Penny Mordaunt also offered the Prime Minister her full support, using a piece in the Telegraph to warn that the UK “needs stability, not a soap opera”.
She told colleagues that the “national mission” is clear but said it “needs pragmatism and teamwork”.
“It needs us to work with the Prime Minister and her new Chancellor. It needs all of us.”
Meanwhile, former transport secretary Grant Shapps – who has reportedly been floated as a potential successor to the Prime Minister – wrote in The Times that the party needed to “bin the infighting and ideology” but did not explicitly back Ms Truss.
“We as a party have two years to get ourselves out of this hole, and it’s a deep hole when it comes to public confidence,” he said.
“But we have a couple of things on our side. Despite the factionalism in the run-up to and aftermath of Brexit, our MPs are overwhelmingly predisposed to supporting a competent leader.”
Earlier Mr Hunt told the BBC’s Sunday With Laura Kuenssberg programme that Ms Truss remains “in charge” and insisted voters can still put their faith in her.
“She’s listened. She’s changed. She’s been willing to do that most difficult thing in politics, which is to change tack,” he said.
“What we’re going to do is to show not just what we want but how we’re going to get there.”
The presence of Mr Hunt was welcomed by many MPs, but many senior figures admitted it was an open question whether the Prime Minister could still survive the current crisis.

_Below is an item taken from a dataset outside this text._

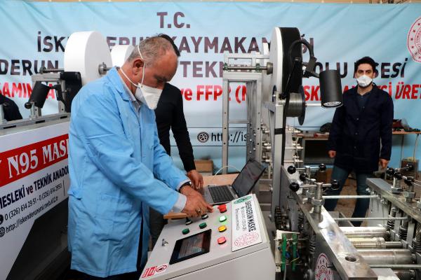 İskenderun Mesleki Teknik Anadolu Lisesi Okul Müdürü Yusuf Yıldırım, salgın sürecinin başlamasından itibaren kendilerine düşen görevi büyük bir heyecan ve titizlikle yerine getirdiklerini söyledi. Yerli ve milli duygular içerisinde maske makinesi üretmek için kolları sıvadıklarını kaydeden Yıldırım, “Makinelerimizi tamamladık ve üretime başladık. Bu süreçte öncelikle bize yol gösten ve destek olan Cumhurbaşkanımıza, Milli Eğitim Bakanlığı’na, Hatay Valimize teşekkür ederiz. 45 gün süre içerisinde makinemizin imalatını tamamladık. Gece gündüz demeden çalıştık. Öğrencimizle, öğretmenimizle üretim sürecinin tamamında bulunduk. Bundan sonra daha da gelişerek ve hızlanarak üretmeye devam edeceğiz. N95 maske bu süreçte çok önemli bir rol oynuyor ve ürettiğimiz maskeler tamamen sağlık ve kalite şartlarına uygundur” diye konuştu.

Tory MP Robert Halfon, chairman of the Commons Education Committee, appeared on Sky News and declined to deny that MPs are considering installing a new leader.
“We’re all talking to see what can be done about it.”

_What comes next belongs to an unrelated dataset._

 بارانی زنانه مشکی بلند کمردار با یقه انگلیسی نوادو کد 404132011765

“Over the past few weeks, the Government has looked like libertarian jihadists and treated the whole country as kind of laboratory mice,” he said.
Senior Conservative Alicia Kearns also told Times Radio that the question of whether Ms Truss should continue in charge is “incredibly difficult”.

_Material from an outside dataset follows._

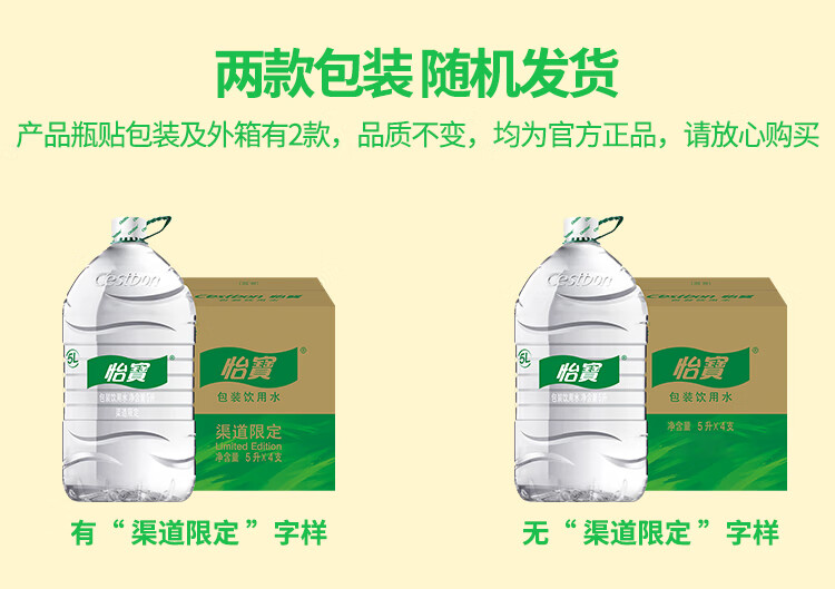怡宝包装饮用水5L*4瓶整箱装 渠道限定

And writing in the Telegraph, former minister Liam Fox called the current situation the “deepest political hole that we have experienced in a generation”.
Stuart Rose, a Tory peer and the Chair of Asda, told the Financial Times the Prime Minister was a “busted flush”.
Labour added to that pressure, with Sir Keir Starmer calling on the Prime Minister to appear before the Commons on Monday.
The Labour leader quipped that Ms Truss is now “in office but not in power”.
It comes as a new poll, first published in the Guardian, predicted a landslide for Labour and wipe-out for the Tories.
The poll, by Opinium for the Trades Union Congress and using the MRP method to estimate constituency-level results, put Labour on 411 seats compared to the Tories on 137.
In a sign of how divided the party is, former culture secretary Nadine Dorries hit out at her party colleagues.
“I cannot imagine there’s one G7 country which thinks we’re worthy of a place at the table.
“The removal of one electorally successful PM, the disgraceful plotting to remove another by those who didn’t get their way first time round is destabilising our economy and our reputation,” she tweeted.